This will be really rhetorical post, you've been warned.
I used to be a really insecure guy. Always hesitating to do anything that would make me noticed by people, quiet and shy, not disagreeing with anyone, always saying what people wanted to hear, and always wondering if people loved me.
That was before.
Now, thanks to pua stuff mostly, I've become this confident guy who laugh loud and speak loud, openly flirt with the girls he likes, tells the jokes he wants to tell even if it offends people, and who doesn't give a fark. Which is great, I love it.
A recent even made me realize something. While growing more and more confident, I got surrounded by more and more people, received more and more ioi from girls I knew and random girls, and constantly have a "harem circle" of girls I'm interested in and gaming/dating, which in turn got me more confident.
But in the last couple of days, all my "harem circle" disappeared (some left the country definitely, others got engaged, and so on), a couple of parties got cancelled, and I find myself in dead water.
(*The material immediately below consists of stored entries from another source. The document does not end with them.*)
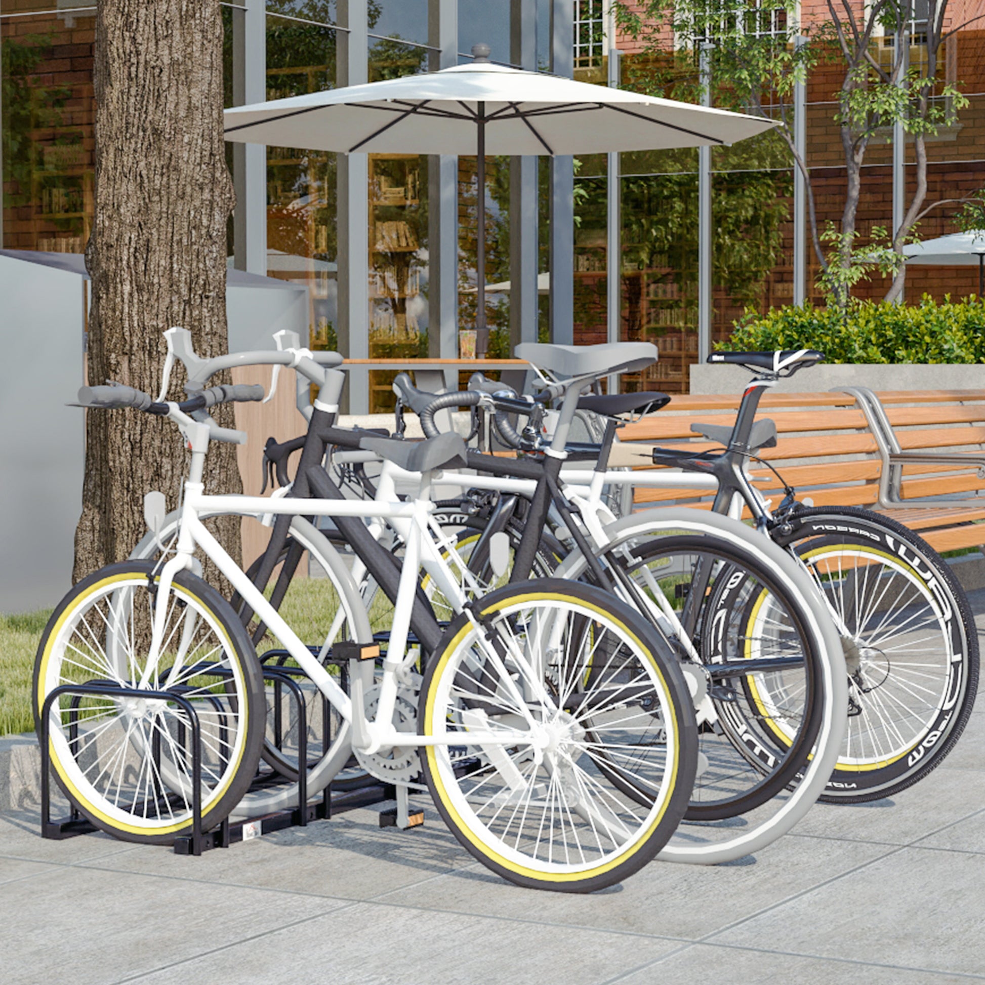 HOMCOM 5-Bike Rack - Stëmmungssystem fir bis zu 5 Vëloen mat engem Maximum vun 6,5 cm breet Réifen (145L x 33W x 27H cm) - Schwaarz Stol
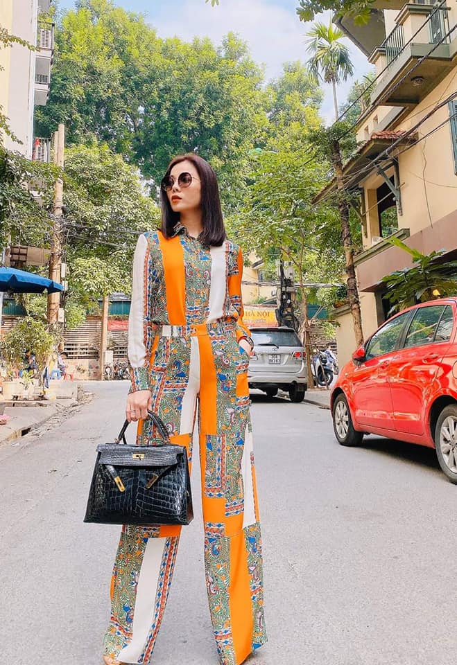 Hình thể nuột nà với dáng quần lụa Louis Vuitton mix cùng áo crotop màu cam đất khiến giọng ca sinh năm 1981 nổi bần bật
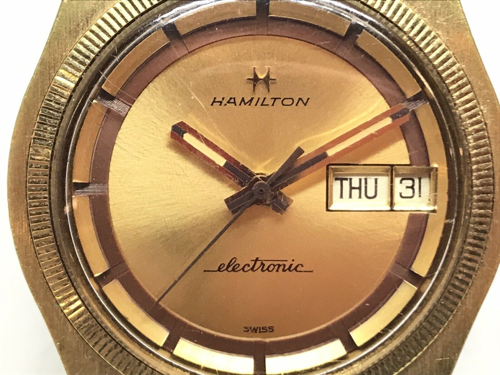 Hamilton Electronic 1970 #39 s 14K Gold Electroplate In Very Very Nice
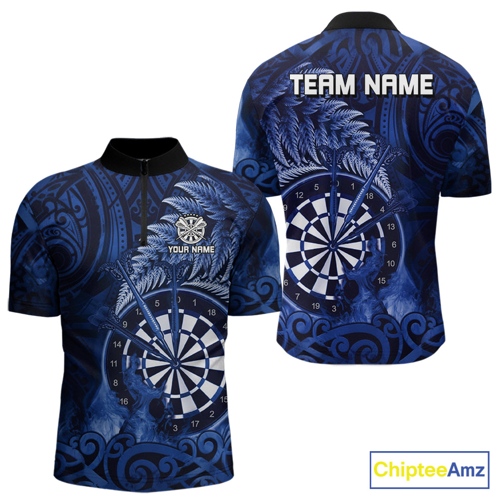 Personalized Fern Leaves Blue Fire Tribal Dart Quarter-Zip Shirts For Men Dart Team Jerseys NYN2193
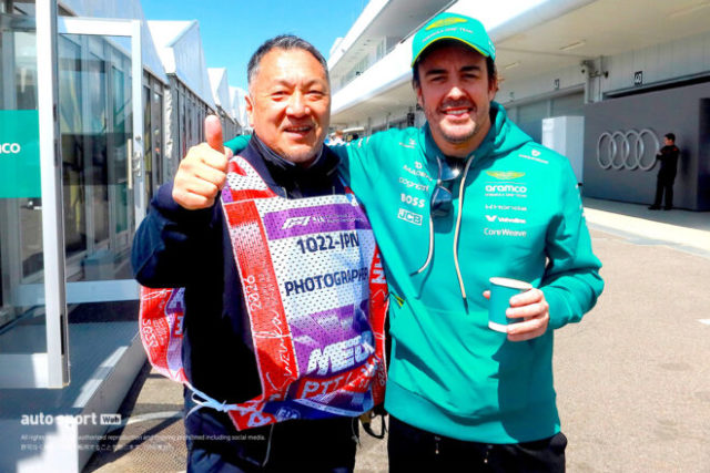 フェルナンド・アロンソ(アストンマーティン)はフェラーリ時代から家族のお祝い事にスピーチをもらったり、渋谷のハチ公事件では公衆の前に出られなくなったアロンソの代わりに私がスピーチしたり、いろいろとお世話されたり、したり、仕事以上に深い関係を築いた仲だった。「お子さん、お誕生、おめでとう」と言うと、「ありがとう」と言って握手した後、「じつはこのレースでひとまず現場取材を卒業するんだ」と切り出すと、「マジ!?」と。「でも、日本からあなたとホンダのレースはずっと見て伝えるから」と言うと、「競争力を発揮するまで、まだ少し時間がかかるかもしれないけど、頑張るよ」と誓ってくれた。
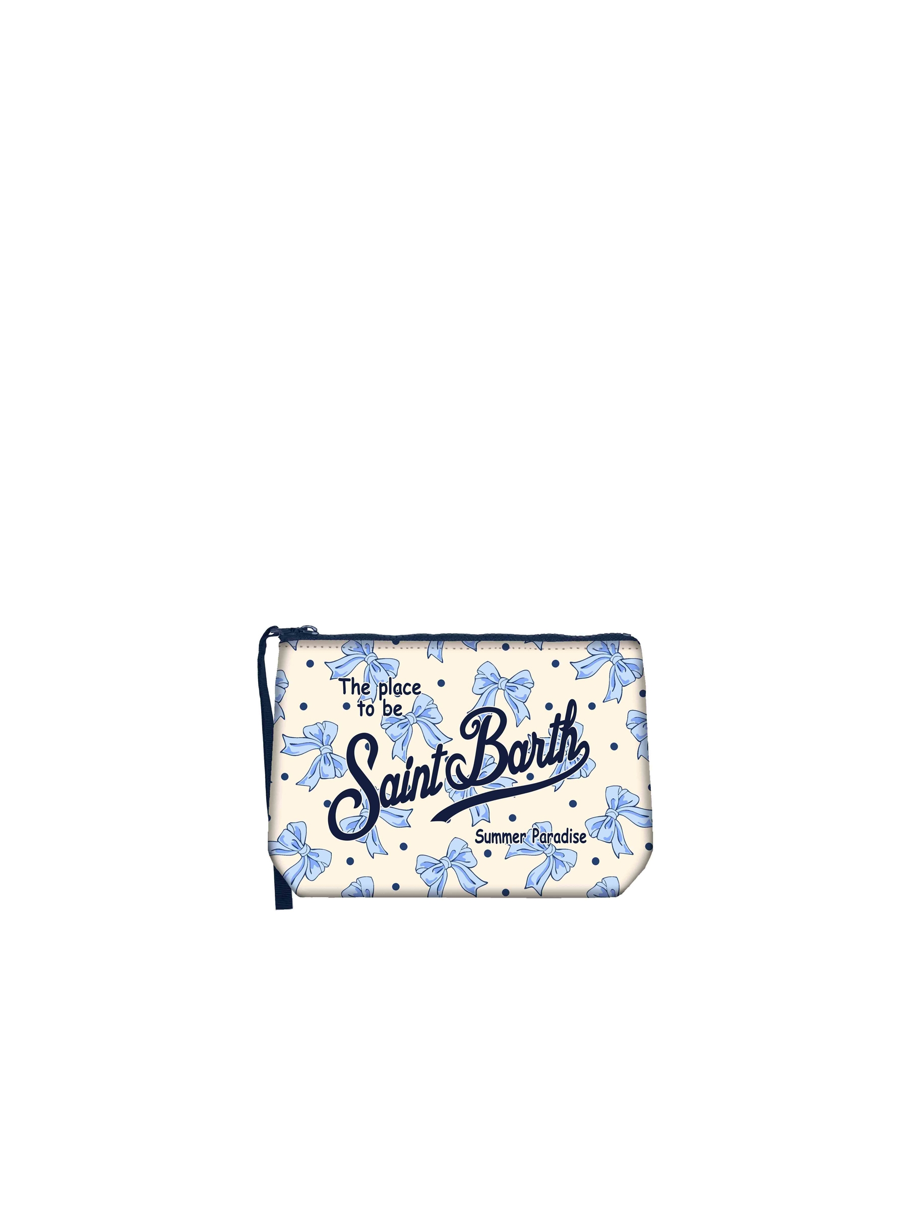 Pochette realizzata in tessuto Scuba, con una raffinata stampa di pois con fiocchi che dona un tocco di vivacità, con chiusura con zip, manicotto laterale in gros grain e maxi logo stampato a contrasto. Versatile e dal design contemporaneo MC2 SAINT BARTH
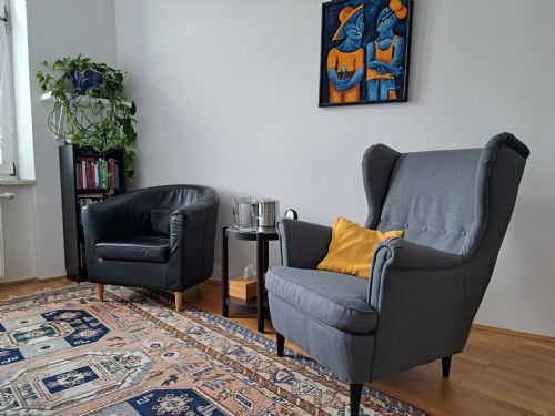 Der angenehm helle Praxisraum, ruhig im 3. Stock gelegen, angenehme Altbau-Höhe, hier lässt es sich gut und sicher mit Einzelpersonen, Paaren, kleineren Teams und Gruppen arbeiten.

And I realized that not having this constant stream of IOIs and people is hurting my self-confidence. I hold gaze less with people in the street, smile less to strangers, hesitate more, and so on.
And this is not right. If I really were confident, I should not be affected by a lack of IOI, I should remain sure and confident that I am who I am, and that I am a great person. Even if everyone told me I was an ass, I would be unaffected and remain who I am.
But. If I stop receiving IOIs, maybe it means something's wrong with me? And if everyone told me I was an ass, maybe it means I am one? I can't really believe I'm the only one who's right? Especially as I have a very internal locus of control, so I tend to think that everything that happens to me is due to my own actions.
And so here is my paradox. If I am confident because of other people's approval, I am not confident. But external feedback can't be ignored.
How to solve it? Totally ignore external feedback, and risk end up being a douche absolutely convinced he is the best guy around (which might get you girls actually, but this is not who I want to be)? Take into account external feedback, and risk having a variable level of confidence, and knowing this is not true confidence?